### [What you have to do]
Below is a set of records; reproduce them exactly without their pictures.

START Data for review

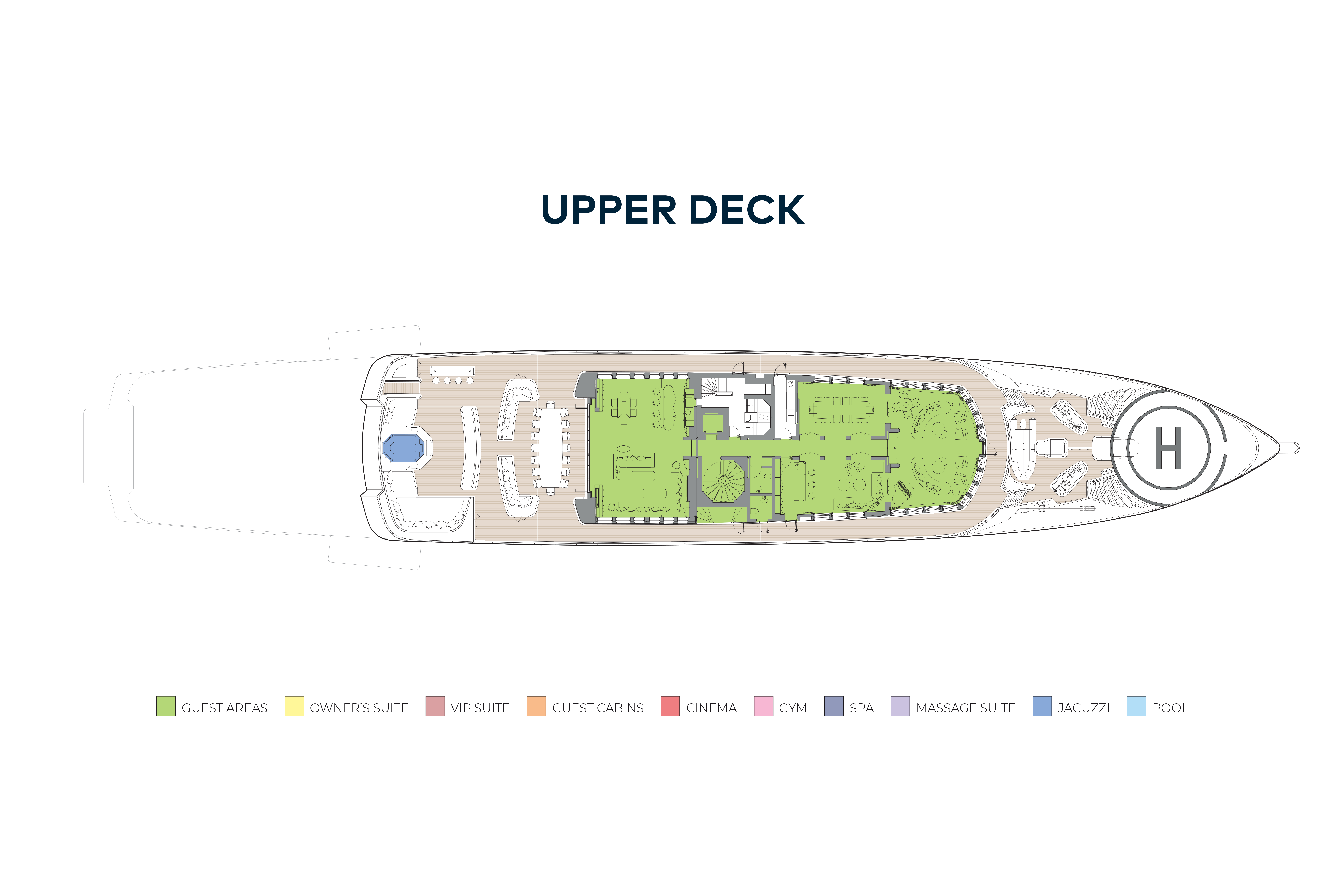 On the sun deck there is a cigar clubroom complete with working fireplace and its own wine cellar and humidor. Other entertainment spaces include the sit-up bar and lounge in the beach club, upper deck's helipad and the main deck aft presents a huge, versatile area when three of her four tenders are launched.
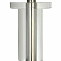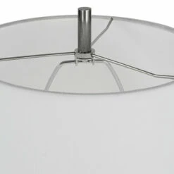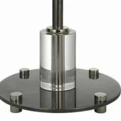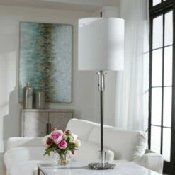This steel buffet lamp features clean, simple detailing with a polished nickel base and unique foot, adorned with thick crystal accents. The round hardback shade is wrapped in white linen fabric.
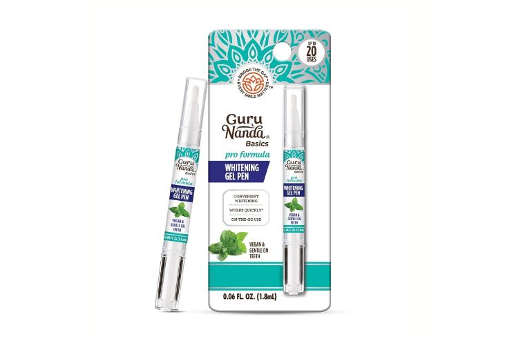 The GuruNanda Teeth Whitening Pen is a gentle brush-tip application and cruelty-free, vegan formula that includes hydrogen peroxide as the active ingredient and menthol. The pen removes surface stains from tea, wine, coffee, and other discolorations. As you continue to use it, it gradually brightens and imparts a pleasant mint flavor.
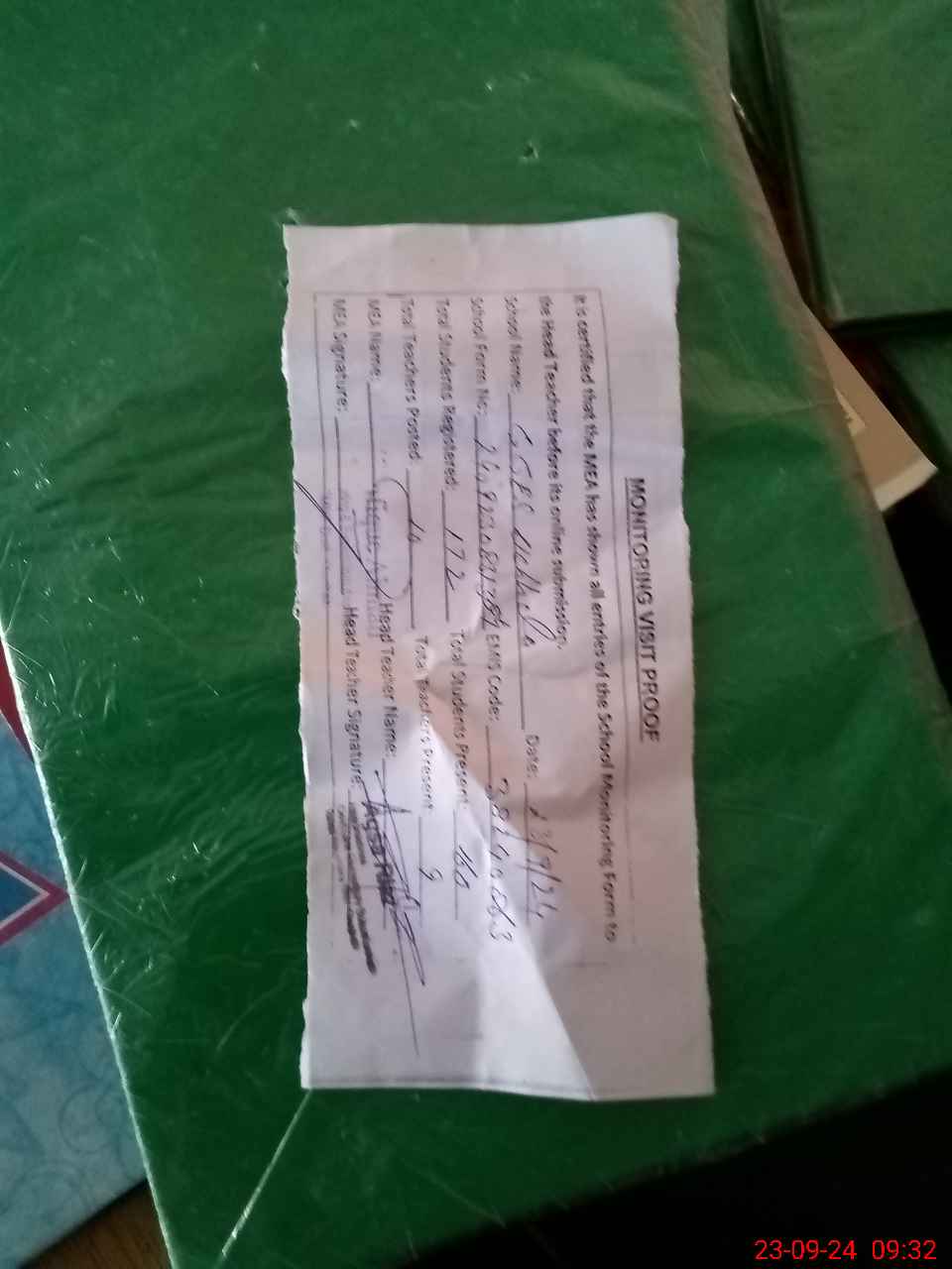 | Attendance Register | Head Teacher | MEA with School | Visit Proof |
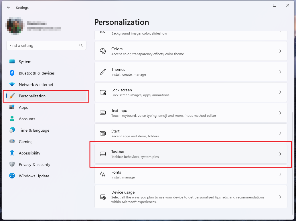 설정(Settings) 중에 "개인 설정(Personalization)"으로 이동해서,
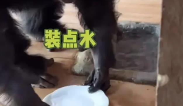 4月5日,重庆的某动物园内,有网友拍摄到黑猩猩在吃完饭以后,还会到水池旁边去刷盘子。画面显示,黑猩猩蹲坐在水池旁,先用盘子去装点水放在地上,然后用双手去搓洗盘子,看起来有模有样。网友:原来是只自律猩。

END Data for review

### [Response area]
 On the sun deck there is a cigar clubroom complete with working fireplace and its own wine cellar and humidor. Other entertainment spaces include the sit-up bar and lounge in the beach club, upper deck's helipad and the main deck aft presents a huge, versatile area when three of her four tenders are launched.
This steel buffet lamp features clean, simple detailing with a polished nickel base and unique foot, adorned with thick crystal accents. The round hardback shade is wrapped in white linen fabric.
 The GuruNanda Teeth Whitening Pen is a gentle brush-tip application and cruelty-free, vegan formula that includes hydrogen peroxide as the active ingredient and menthol. The pen removes surface stains from tea, wine, coffee, and other discolorations. As you continue to use it, it gradually brightens and imparts a pleasant mint flavor.
 | Attendance Register | Head Teacher | MEA with School | Visit Proof |
 설정(Settings) 중에 "개인 설정(Personalization)"으로 이동해서,
 4月5日,重庆的某动物园内,有网友拍摄到黑猩猩在吃完饭以后,还会到水池旁边去刷盘子。画面显示,黑猩猩蹲坐在水池旁,先用盘子去装点水放在地上,然后用双手去搓洗盘子,看起来有模有样。网友:原来是只自律猩。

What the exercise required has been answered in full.